Task statement
The response should be an exact transcription of the data below, free of images.

Collected material

----

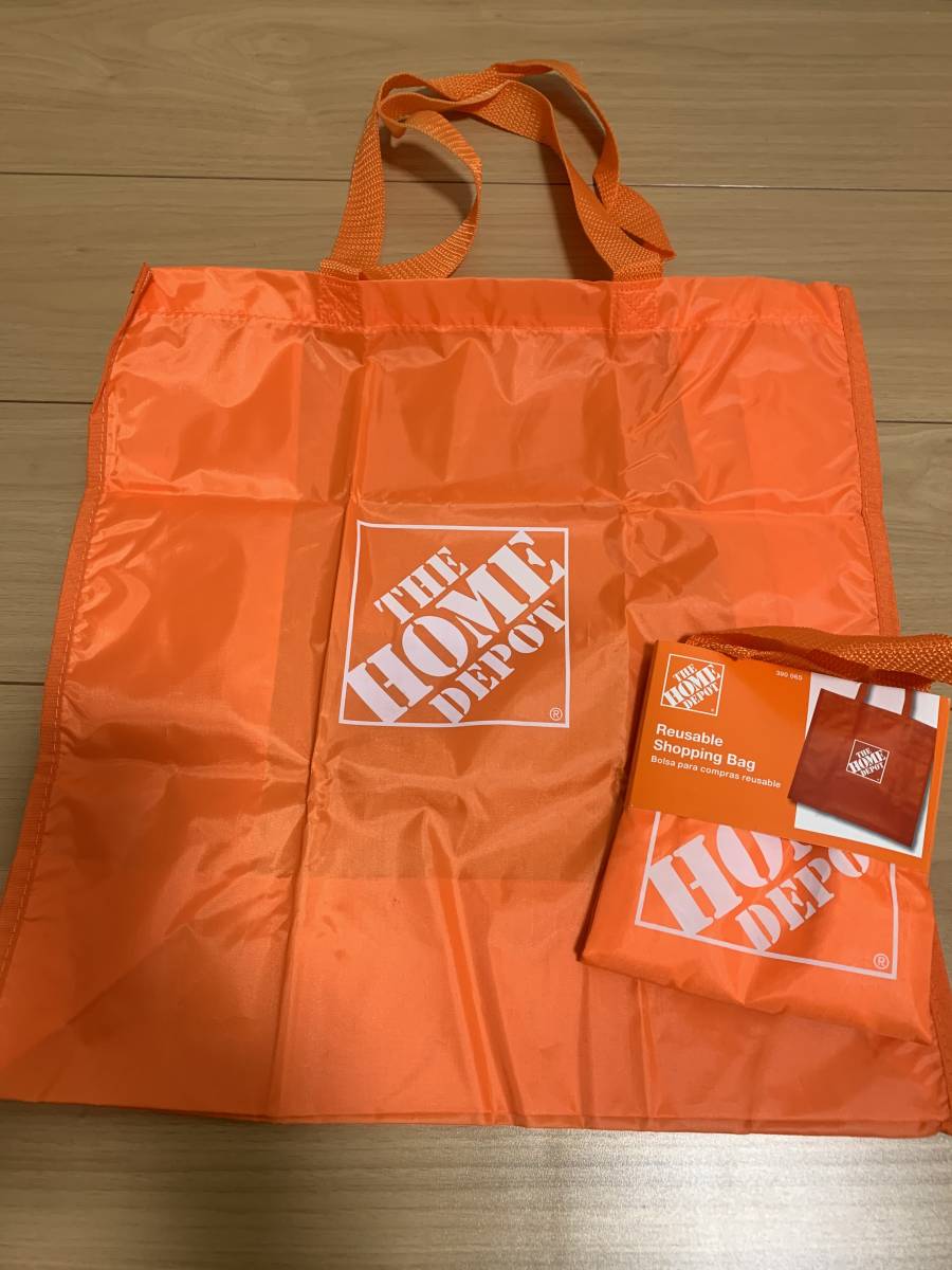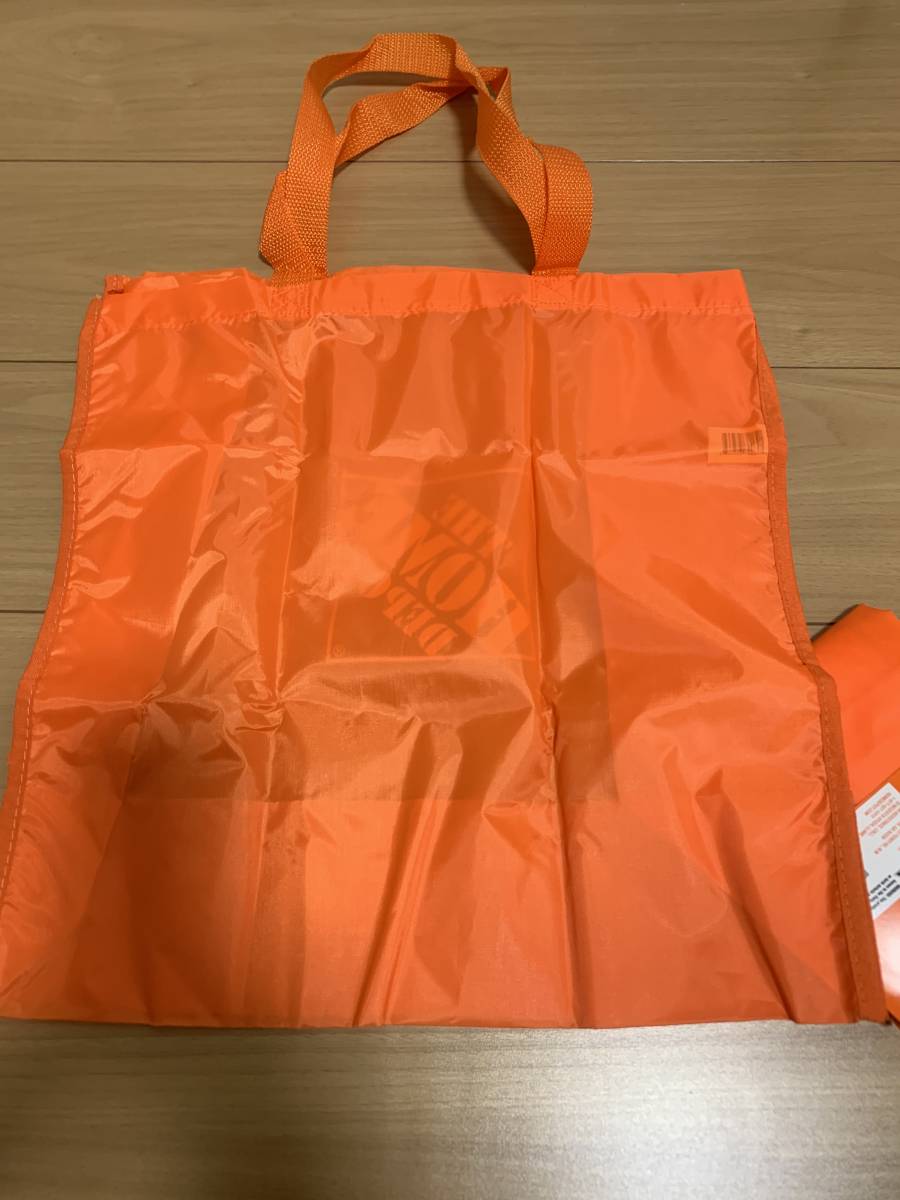 新品 カラーはオレンジにホワイトのロゴのデザインプリントです。アメリカで有名なホームセンターのエコバッグです。しっかりとした作りです。サイズは横40cm縦39cmマチ18.5cm持ち手全長48cm幅は2.5cmです。
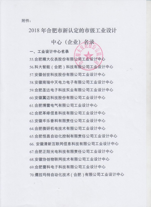根據《合肥市市級工業設計中心認定管理辦法(試行)》有關規定,經申報、評審、現場查驗、公示等程序,“合肥精大儀表股份有限公司工業設計中心”被評定為合肥市市級工業設計中心。詳見“合經信科技【2018】526號”。
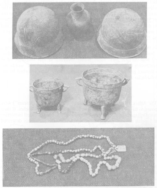Historic Natchitoches pottery, French iron tripod pots, and Venetian glass trade beads. These 18th century A.D. artifacts were found at the Southern Compress and Lawton sites.

----

Response
 新品 カラーはオレンジにホワイトのロゴのデザインプリントです。アメリカで有名なホームセンターのエコバッグです。しっかりとした作りです。サイズは横40cm縦39cmマチ18.5cm持ち手全長48cm幅は2.5cmです。
根據《合肥市市級工業設計中心認定管理辦法(試行)》有關規定,經申報、評審、現場查驗、公示等程序,“合肥精大儀表股份有限公司工業設計中心”被評定為合肥市市級工業設計中心。詳見“合經信科技【2018】526號”。
Historic Natchitoches pottery, French iron tripod pots, and Venetian glass trade beads. These 18th century A.D. artifacts were found at the Southern Compress and Lawton sites.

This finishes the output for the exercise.